This is a pattern that both mean and median can completely obscure. If your data has two peaks – say, one cluster of rides around 45 minutes and another around 120 minutes – the mean might sit around 80 minutes, a value that barely appears in the actual data at all. The median would land somewhere in the middle too, equally unrepresentative.
A bimodal distribution is often a signal that you should split your data and analyze the two groups separately. The summary statistics are hiding more than they’re revealing.
Spread: The Dimension That Summaries Miss Entirely
Here’s something critical that mean and median both fail to capture: how spread out the values are.
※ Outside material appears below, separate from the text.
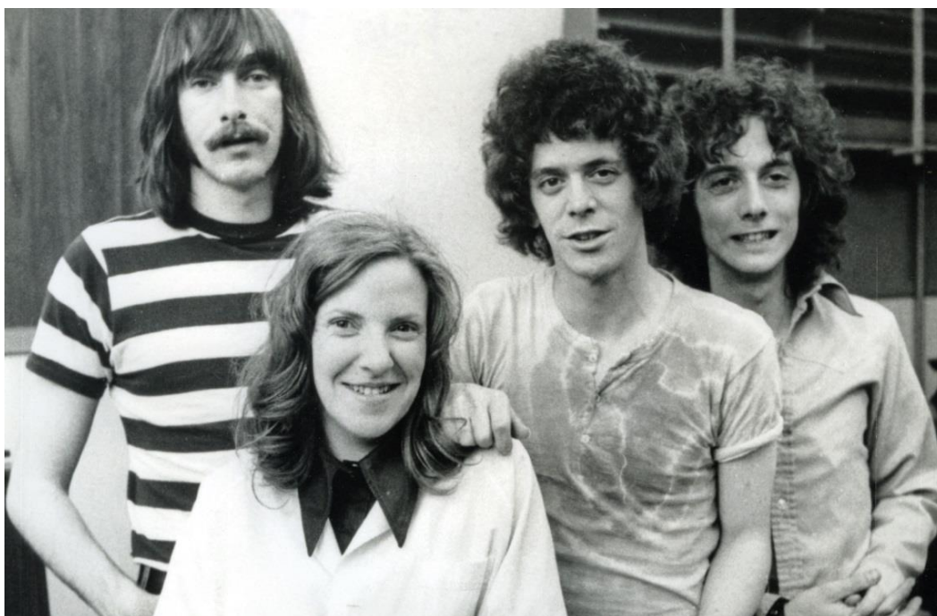
Cuando las grietas definitivas aún no habían aparecido. Sterling Morrison, Moe Tucker, Lou Reed y Doug Yule, o lo es que es lo mismo, la formación de The Velvet Underground que actuó y grabó durante 1969 y parte de 1970.

aclearar, lo que buscaban era provocar, confundir, hacer un corte de mangas al mundo en general. Sus declaraciones están plagadas de mentiras usadas como armas y, por eso mismo, son pasto de la contradicción. Cualquier esfuerzo para reconstruir, a mi manera, la historia del grupo que me hizo querer contar, que me ayudó a ser, merecía la pena. Un grupo cuyo nombre completo se repite una y otra vez en las páginas siguientes. A The Velvet Underground me gusta tratarlos de usted. Al narrar su historia estoy hablando de asuntos que también me definen a mí. Y eso significa que, al igual que en aquella canción de Lou Reed, todas las cosas en las que creía han terminado siendo verdad. Una verdad que empieza exactamente aquí.»

Two datasets can have identical means and medians but look completely different:
Dataset A: 48, 49, 50, 51, 52 – Mean: 50, Median: 50
Dataset B: 10, 25, 50, 75, 90 – Mean: 50, Median: 50
Same center. Completely different spread. Dataset A is tightly clustered. Dataset B is wildly dispersed. Any decision based only on the mean or median treats these identically – which would be a serious mistake in most real contexts.
Spread is typically measured with two statistics:
Range: The distance from the smallest to the largest value. Simple and intuitive, but sensitive to outliers – a single extreme value makes the range look huge.
Standard deviation: The average distance of each value from the mean. The most widely used measure of spread. A small standard deviation means values cluster tightly around the mean. A large one means they’re widely dispersed.
In a normal distribution, the standard deviation has a specific, powerful property: approximately 68% of values fall within one standard deviation of the mean, 95% within two, and 99.7% within three. This is the 68-95-99.7 rule, and it gives the standard deviation immediate interpretive meaning for bell-shaped data.
But – and this is important – standard deviation is calculated using the mean. It inherits the mean’s sensitivity to outliers. For skewed data, a more robust measure of spread is the interquartile range (IQR): the distance between the 25th percentile and the 75th percentile, covering the middle 50% of values.
A Real-World Example: Cycling Performance Data
Let’s make all of this concrete.
Imagine you’re analyzing power output data from 200 cycling rides. The mean average power is 198 watts. The median is 172 watts. Already, that gap tells you something: the distribution is right-skewed. There are some high-power efforts pulling the mean upward.
Plot the histogram and the picture becomes clear: most rides cluster between 140 and 190 watts – steady aerobic sessions. But there’s a distinct tail of higher-power rides stretching toward 320 watts. These are interval sessions and race efforts. Two meaningfully different types of ride sitting in the same dataset.
This is a bimodal distribution hiding inside a right-skew. The mean of 198 watts represents neither the typical endurance ride nor the typical hard effort – it’s an average of two populations that probably deserve separate analysis.
What the data is actually telling you: split the dataset by ride type before summarizing. The mean and median of each group separately will be far more informative than any single summary of the combined dataset.
This is exactly the kind of insight that looking at the full distribution – not just the summary statistics – reveals.
The Practical Checklist
When you encounter any numerical variable in a dataset, work through this sequence:
1. Calculate both the mean and the median.
If they’re close, the distribution is likely symmetric and the mean is reliable. If there’s a meaningful gap, the distribution is skewed and the median is the more honest summary.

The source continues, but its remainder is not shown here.